Moins de deux mois après avoir subi un important revers lors des élections dans la province de Buenos Aires, Milei a remporté une nette victoire hier à l’échelle nationale ainsi que dans la région de la capitale du pays.

  • La Libertad Avanza, qui avait recueilli moins de 34 % des voix il y a un mois, a terminé en première position dans la région de Buenos Aires avec 41,5 % des suffrages.
  • Le parti du président argentin termine ainsi avec un score proche de celui obtenu par Mauricio Macri lors des élections de mi-mandat de 2017.
  • La formation péroniste Fuerza Patria recule quant à elle de plus de 6 points par rapport à septembre.

Les scandales de corruption, la récession, les attaques virulentes contre ses adversaires politiques, les coupes brutales dans les retraites et les programmes dédiés aux handicapés, la démission d’un député pour ses liens avec le trafic de drogue… n’ont pas conduit à une punition dans les urnes de Milei par les électeurs.

La baisse de l’inflation et la crainte du kirchnérisme ont certainement joué un rôle central dans ce « soutien silencieux » dont a bénéficié le président — qu’aucun sondage n’avait réussi à prédire ces dernières semaines.

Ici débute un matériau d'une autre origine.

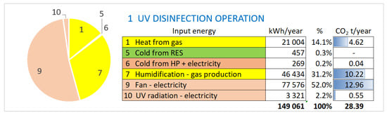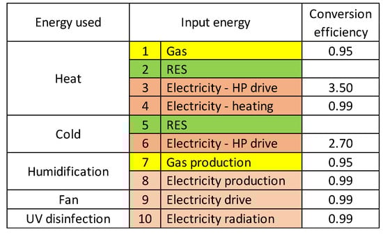 In real conditions, heat and cold for heating are provided by various sources. The impact on primary energy and CO2 emissions is also defined accordingly. Electricity (EE) is used to drive fans and UV germicidal sources. Heat pump with electric drive is used for cold production. Humidification of air is realized by water vapor with the help of gas or electricity. Heat production for heating is by gas, heat pump, or electricity. The energy conversion efficiencies are given in Figure 16 and are taken into account in further calculations in Figure 17, Figure 18, Figure 19, Figure 20, Figure 21 and Figure 22. We used the factors of primary energy and CO2 emissions for conversion according to [16] for Slovakia.
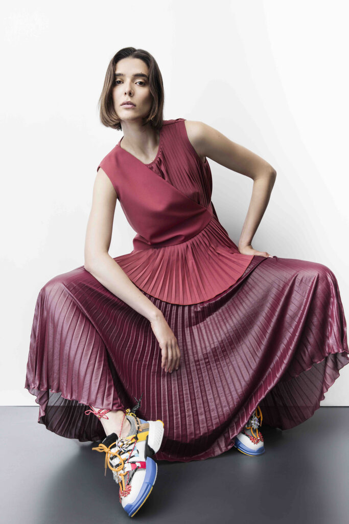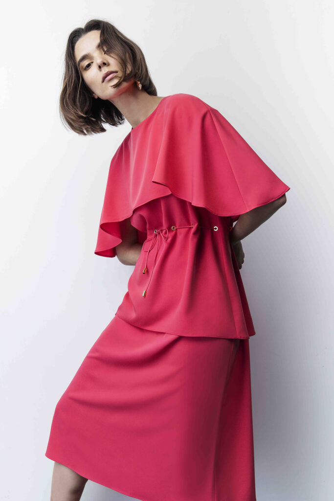 With asymmetrical and fluid silhouettes, each piece is light and comfortable to wear. The combination of soft structure with a little bit of geometry on each design shapes the style of a modern-day woman. Sober earth tones like mauve and bordeaux are the color palettes of this collection.

  • L’inflation, qui est passée de près de 300 % en avril 2024 à 32 % en septembre, semble avoir pesé plus lourd pour cette partie de l’électorat que la situation macro-économique.
  • La politique de Milei a pourtant entraîné une perte de pouvoir d’achat pour une part importante de la population, tandis que les salaires (ajustés en fonction de l’inflation) demeurent inférieurs d’environ 8 % à leur niveau du début de l’année 2023. 
  • Le souvenir de la gouvernance d’Alberto Fernández et la possibilité d’une montée en puissance de cette force politique ont quant à eux réveillé les sentiments d’un électorat qui préfère souffrir du présent plutôt que de revenir au passé.

Le taux de participation a atteint son niveau le plus faible depuis le retour de la démocratie en 1983 avec moins de 68 % — soit 10 points de moins qu’en 2023. En d’autres termes, 12 millions de personnes disposant du droit de vote ont décidé de ne pas se rendre aux urnes.

  • « La liberté avance ou l’Argentine recule » était le slogan conçu par le parti au pouvoir pour s’opposer au kirchnérisme et mobiliser cette large base qui ne souhaite pas le retour de ceux qui ont gouverné le pays pendant 16 des 22 dernières années.
  • De son côté, le nouveau mouvement politique Provincias Unidas, qui tentait de trouver un équilibre entre la critique du gouvernement et le soutien à une partie de son plan économique, a recueilli moins de 5 % des voix.
  • Seul le gouverneur de Corrientes a remporté une victoire dans sa province, les autres ayant essuyé de sévères défaites qui leur enlèvent leur pouvoir de négociation avec l’exécutif, Pullaro et Schiaretti étant les plus pénalisés.

L’horizon s’annonce beaucoup plus favorable pour le gouvernement lorsqu’il s’agira de négocier des lois et de s’opposer à des initiatives parlementaires, avec près de 110 sièges sur 257 à la Chambre en comptant son allié Propuesta Republicana (PRO). Ce nombre permettra notamment à Milei d’esquiver toute tentative de destitution.

  • Le gouvernement devrait ratifier le système de bandes flottantes du dollar, et l’aide économique du Trésor américain devrait garantir la stabilité monétaire et une certaine paix sociale.
  • En échange, l’exécutif devra engager des réformes profondes dans trois domaines sensibles : le système de retraite, le travail et la fiscalité.
  • Il disposera désormais du soutien législatif nécessaire pour le faire.

Ces élections signalent une défaite cinglante pour le péronisme, qui obtient un score inférieur à son niveau historique : environ 30 % et 7 millions de voix. Vont maintenant suivre les primaires, les règlements de comptes et les remaniements.

  • Le défi qui les attend est énorme : construire une alternative politique qui ne soit pas seulement défensive (freiner Milei), mais qui parvienne à représenter un public plus large.
  • L’expérience ratée du Frente de Todos, qui a ouvert la porte à Milei, est encore trop récente. Cette opposition doit renouveler non seulement les idées, mais aussi les dirigeants afin d’offrir une perspective d’avenir.
  • Ils ont un atout non négligeable : c’est le seul espace politique vivant, décimé mais actif, capable de gouverner et qui dispose d’un réseau territorial qui peut constituer une alternative au pouvoir.